Quedan pocas dudas, si es que no ninguna, de la importancia que tiene la propiedad privada para el desarrollo y el progreso. En la misma línea, quedan pocas dudas sobre la eficiencia que tiene el sector privado sobre el Estado en el manejo de la mayoría de las empresas del planeta.
En su ensayo Rumbo a la libertad, Álvaro Vargas Llosa destaca los beneficios que trajo la privatización para América Latina durante las décadas que median desde 1970 al 2000.
En suma, la privatización en Latam permitió que en la región se elevaran las tasas de inversión, se hayan incrementado los flujos de capital y la rentabilidad para empresas que anteriormente presentaban pérdidas, improductividad e ineficiencia, así como reducción del déficit fiscal, y mejora en sus respectivos bienes y servicios, es decir, el cumplimiento de su respectiva promesa de valor.
Sin embargo, las reformas privatizadoras fueron insuficientes para profundizar el sistema capitalista. Ello a pesar de sus buenos réditos. ¿Qué sucedió? ¿Cuál fue la causa que condujo a esta pérdida de confianza en el efecto privatizador? El propio autor en su libro nos esboza una respuesta: los reformadores “perdieron de vista la diferencia entre creación de una sociedad abierta y la transición hacia una sociedad abierta”.
Sigue Vargas Llosa: “El hecho de que la transición hacia la economía privada cree nuevas oportunidades para el expolio es una perversa ironía del Estado: las injusticias que nacen de la transición no serían posibles sin la presencia original del estatismo”. De esta forma, la privatización, con todas su bondades, y paradójicamente, si no se hace de la manera adecuada, puede dar rienda suelta a un sentido de continuidad a las prácticas estatistas y a los vicios del mercantilismo.
No tengo dudas hoy de que Venezuela atraviesa un proceso de transición.
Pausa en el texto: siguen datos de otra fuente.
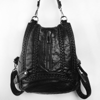 娉语秋冬新款软皮双肩包pu洗水皮女包 韩版编织多功能背包单肩

Una transición cuya guinda al pie sigue siendo el tema político y la traslación del poder hacia otros factores. Pero el chavismo, en su sentido originario, hace tiempo que da muestras de agotamiento. Claro está que la transición puede conducir a la democracia o alguna variante de gobierno autoritario, pero al final, no es ni será el mismo sistema político que ha conducido al país en las últimas décadas.
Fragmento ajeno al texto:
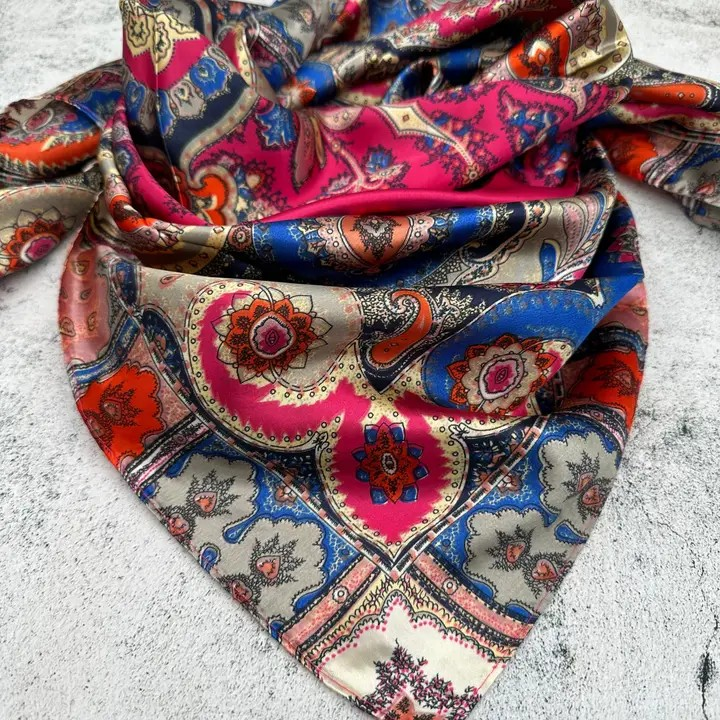 Faceted Pink and Blue Western Southwestern Wild Rag Scarf Accent

El tema más palpable de esta transición, de esta transformación, estriba en el ámbito económico. El nacionalismo económico promovido por la dirigencia socialista será desmontado. Y el gran reto estribará en cómo producir ese desmontaje. El gobierno venezolano ha venido desarrollando algunas iniciativas tendientes a la privatización. Al menos a nivel propagandístico se observan delegaciones, ferias, exposiciones, encuentros con delegaciones de varios países que han mostrado su “interés” en invertir en Venezuela. Incluso se constituyó el Centro Internacional de Inversión Productiva (CIIP).
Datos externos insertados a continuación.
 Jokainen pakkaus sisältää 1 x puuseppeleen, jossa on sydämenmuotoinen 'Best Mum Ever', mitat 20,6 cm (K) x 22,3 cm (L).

Ahora bien, la pregunta del millón de dólares. ¿Realmente estos movimientos se pueden considerar muestras de una privatización tendiente a la transición hacia una sociedad libre? En mi opinión, en el estado de cosas actual, las nuevas “privatizaciones” son una posible extensión de los factores de poder que han dominado al país en las últimas décadas. De forma tal que parafraseando a Vargas Llosa, la nueva oleada de “privatizaciones” puede convertirse en una nueva forma de expoliación desde los factores de poder.
No deja de ser paradójico entonces que la eficiencia y mejoras que trae consigo la empresa privada se mancillen con estas prácticas nocivas. A la larga la adopción del sistema de privatizaciones improvisadas, apresuradas y hechas con una importante falta de transparencia, institucionalidad y estandarización de procesos puede traer más males a la gestión de la economía venezolana. El llamado y lo imperativo es reformar el sistema, teniendo al Estado de Derecho como norte y sin olvidar que para crear una sociedad abierta debemos tener suficiente criterio para manejar la transición hacia ella.